Workshop Description

Competitions can greatly increase the interest and focus in an area by clarifying its objectives and challenges, publicly acknowledging the best algorithms, and generally making the area more exciting and enjoyable. The First Annual Reinforcement Learning competition is ongoing and will reach culmination six days before this workshop (December 3rd). The purpose of this one day workshop is to 1) report the results from the competition, 2) summarize the experiences of and solution approaches employed by the competition participants, and 3) plan for future competitions.

There have been two previous events within the machine learning community that have involved comparing different reinforcement learning methods, one at a NIPS 2005 workshop and one at a ICML 2006 workshop.
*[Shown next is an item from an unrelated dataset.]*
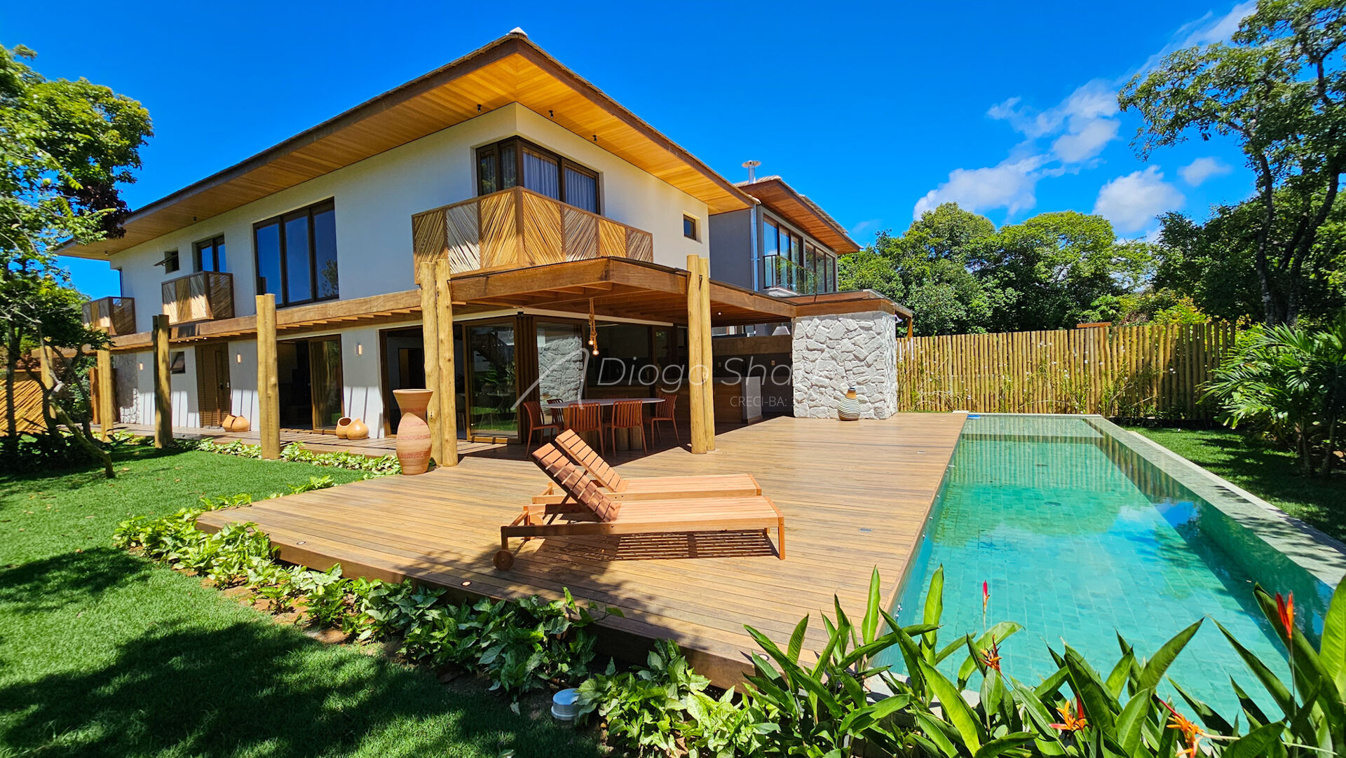Casa de luxo com 5 suítes. Localizada no condomínio Praia Bella, na Praia do Forte - BA, esta casa une o rústico ao moderno, com a utilização de materiais nobres e naturais, como o eucalipto, cumaru, jatobá, acabamentos em biribas, além do cimento queimado e diversos recursos de automação.

Last year's event at NIPS had over 30 submissions, from 9 countries. This competition differs from previous events in that it will be a competitive event. The winners will be invited to describe their approach to each problem, at the workshop, improving the attendees’ expertise on applying and implementing reinforcement learning systems. This year's competition will feature seven events, three discrete observation problems and three continuous observation problems. The final event will be a Pentathlon: each participant's agent will be evaluated on five continuous observation problems consecutively. The agents that perform best across all five problems will be awarded small prizes.

Previous, related workshops:

Competition Logistics

The competition software will be based on RL-Glue and the environments will be drawn from the Reinforcement Learning Library. Please see the documentation on the RL-Glue website and example code in RL-Library to ensure that your agent code is compatible with RL-Glue.
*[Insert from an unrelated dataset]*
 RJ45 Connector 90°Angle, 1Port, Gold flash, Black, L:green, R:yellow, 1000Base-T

The competition events are divided into two classes, discrete and continuous. Participants can submit agents that are specifically designed for each event. The discrete events are:

Cat and Mouse
Tetris
Garnet

The continuous events are:

Non-stationary Mountain Car
cart-pole
Puddle World

In the pentathlon your agent will be tested on 5 problems consecutively. For local testing, only 2 of the 5 problems will be available; your agent will be tested on 3 unknown environments during competition evaluation. The first two problems used in the pentathlon will be Mountain Car and Acrobot, described below. The other 3 will be continuous observation (array of doubles) and discrete action (integer).
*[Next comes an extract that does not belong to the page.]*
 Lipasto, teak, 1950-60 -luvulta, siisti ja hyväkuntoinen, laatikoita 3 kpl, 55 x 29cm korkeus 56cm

The scoring of the pentathlon will be done as follows:

Let n be the number of teams competing in the pentathlon (data-files on the server). For each of the five problems, the teams will be ranked first to last according to highest cumulative reward. Each team will be assigned points based on their rank on each problem. The team with the highest point total will be declared the winner. For example, if we had 5 teams:

Team	Mountain Car	Acrobot	unknown	unknown	unknown
T1	1st (5 points)	3rd (3 points)	3rd (3 points)	1st (5 points)	3rd (3 points)
T2	4th (2 points)	2nd (4 points)	4th (2 points)	2nd (4 points)	4th (2 points)
T3	2nd (4 points)	5th (1 point)	1st (5 points)	3rd (3 points)	5th (1 point)
T4	5th (1 point)	4th (2 points)	5th (1 point)	4th (2 points)	2nd (4 points)
T5	3rd (3 points)	1st (5 points)	2nd (4 points)	5th (1 points)	1st (5 points)

Summary:

T1	T2	T3	T4	T5
19 points	14 points	14 points	10 points	18 points

Team 1 finishes 1st, team 5 finishes second and team 2 and 3 tie for third. This evaluation scheme is extended to n teams, by assigning n points to first place on each problem, n-1 points to second, etc,

------------------------
General Setting
------------------------

Definitions:
Competition run - one connection to the server.
Run - each competition run consists of 30 experiments of an agent on an environment. Each run consists of Emax episodes (set below for each problem). Results are averaged across the 30 runs.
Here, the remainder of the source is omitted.